| From stable-bounces@linux.kernel.org Tue Feb 6 15:45:04 2007 |
| From: Neil Brown <neilb@suse.de> |
| Date: Wed, 7 Feb 2007 10:26:56 +1100 |
| Subject: Fix various bugs with aligned reads in RAID5. |
| To: "Kai" <epimetreus@fastmail.fm>, Andrew Morton <akpm@linux-foundation.org>, stable@kernel.org |
| Cc: linux-kernel@vger.kernel.org, Jens Axboe <jens.axboe@oracle.com> |
| Message-ID: <17865.3776.511594.763544@notabene.brown> |
| |
| From: Neil Brown <neilb@suse.de> |
| |
| Fix various bugs with aligned reads in RAID5. |
| |
| It is possible for raid5 to be sent a bio that is too big |
| for an underlying device. So if it is a READ that we |
| pass stright down to a device, it will fail and confuse |
| RAID5. |
| |
| So in 'chunk_aligned_read' we check that the bio fits within the |
| parameters for the target device and if it doesn't fit, fall back |
| on reading through the stripe cache and making lots of one-page |
| requests. |
| |
| Note that this is the earliest time we can check against the device |
| because earlier we don't have a lock on the device, so it could change |
| underneath us. |
| |
| Also, the code for handling a retry through the cache when a read |
| fails has not been tested and was badly broken.
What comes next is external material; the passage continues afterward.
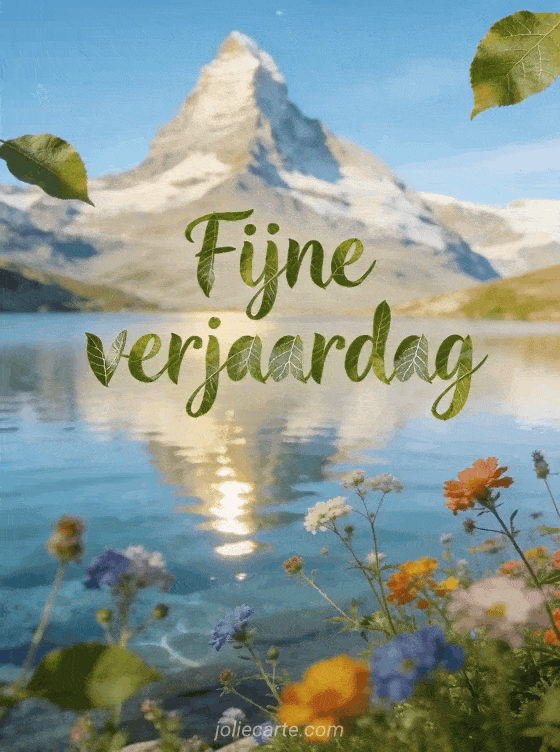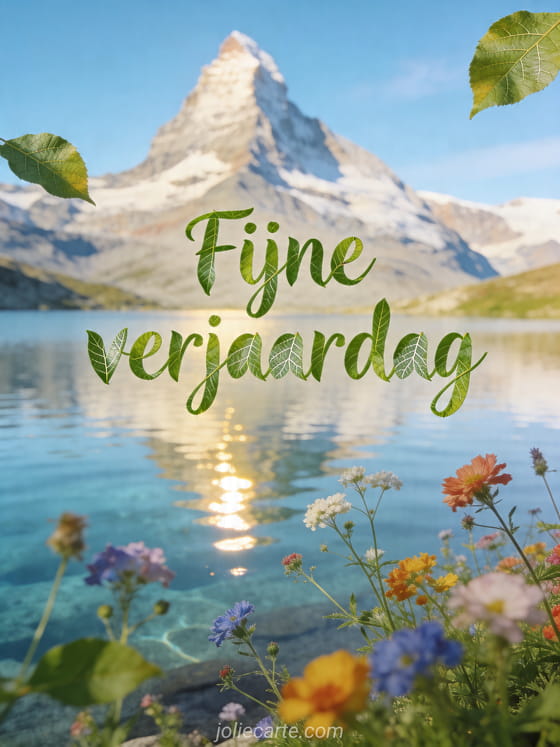 Deel een rustige verjaardagswens met deze fotorealistische kaart met bergen, een kristalhelder meer en wilde bloemen onder een blauwe lucht. Bekijk ook verjaardagskaart vrouw bloemenboeket, gratis grappige vrouw verjaardag gif of vrouw verjaardag foto.
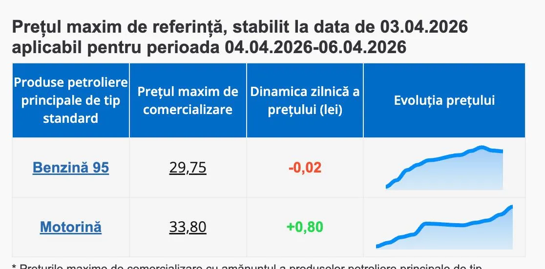 Agenția Națională pentru Reglementare în Energetică (ANRE) a stabilit noile prețuri maxime de referință la carburanți, valabile pentru perioada 4–6 aprilie 2026.

This patch fixes that |
| code. |
| |
| Signed-off-by: Neil Brown <neilb@suse.de> |
| Signed-off-by: Greg Kroah-Hartman <gregkh@suse.de> |
| |
| --- |
| drivers/md/raid5.c | 42 +++++++++++++++++++++++++++++++++++++++--- |
| 1 file changed, 39 insertions(+), 3 deletions(-) |
| |
| --- linux-2.6.20.1.orig/drivers/md/raid5.c |
| +++ linux-2.6.20.1/drivers/md/raid5.c |
| @@ -2620,7 +2620,7 @@ static struct bio *remove_bio_from_retry |
| } |
| bi = conf->retry_read_aligned_list; |
| if(bi) { |
| - conf->retry_read_aligned = bi->bi_next; |
| + conf->retry_read_aligned_list = bi->bi_next; |
| bi->bi_next = NULL; |
| bi->bi_phys_segments = 1; /* biased count of active stripes */ |
| bi->bi_hw_segments = 0; /* count of processed stripes */ |
| @@ -2669,6 +2669,27 @@ static int raid5_align_endio(struct bio |
| return 0; |
| } |
| |
| +static int bio_fits_rdev(struct bio *bi) |
| +{ |
| + request_queue_t *q = bdev_get_queue(bi->bi_bdev); |
| + |
| + if ((bi->bi_size>>9) > q->max_sectors) |
| + return 0; |
| + blk_recount_segments(q, bi); |
| + if (bi->bi_phys_segments > q->max_phys_segments || |
| + bi->bi_hw_segments > q->max_hw_segments) |
| + return 0; |
| + |
| + if (q->merge_bvec_fn) |
| + /* it's too hard to apply the merge_bvec_fn at this stage, |
| + * just just give up |
| + */ |
| + return 0; |
| + |
| + return 1; |
| +} |
| + |
| + |
| static int chunk_aligned_read(request_queue_t *q, struct bio * raid_bio) |
| { |
| mddev_t *mddev = q->queuedata; |
| @@ -2715,6 +2736,13 @@ static int chunk_aligned_read(request_qu |
| align_bi->bi_flags &= ~(1 << BIO_SEG_VALID); |
| align_bi->bi_sector += rdev->data_offset; |
| |
| + if (!bio_fits_rdev(align_bi)) { |
| + /* too big in some way */ |
| + bio_put(align_bi); |
| + rdev_dec_pending(rdev, mddev); |
| + return 0; |
| + } |
| + |
| spin_lock_irq(&conf->device_lock); |
| wait_event_lock_irq(conf->wait_for_stripe, |
| conf->quiesce == 0, |
| @@ -3107,7 +3135,9 @@ static int retry_aligned_read(raid5_con |
| last_sector = raid_bio->bi_sector + (raid_bio->bi_size>>9); |
| |
| for (; logical_sector < last_sector; |
| - logical_sector += STRIPE_SECTORS, scnt++) { |
| + logical_sector += STRIPE_SECTORS, |
| + sector += STRIPE_SECTORS, |
| + scnt++) { |
| |
| if (scnt < raid_bio->bi_hw_segments) |
| /* already done this stripe */ |
| @@ -3123,7 +3153,13 @@ static int retry_aligned_read(raid5_con |
| } |
| |
| set_bit(R5_ReadError, &sh->dev[dd_idx].flags); |
| - add_stripe_bio(sh, raid_bio, dd_idx, 0); |
| + if (!add_stripe_bio(sh, raid_bio, dd_idx, 0)) { |
| + release_stripe(sh); |
| + raid_bio->bi_hw_segments = scnt; |
| + conf->retry_read_aligned = raid_bio; |
| + return handled; |
| + } |
| + |
| handle_stripe(sh, NULL); |
| release_stripe(sh); |
| handled++; |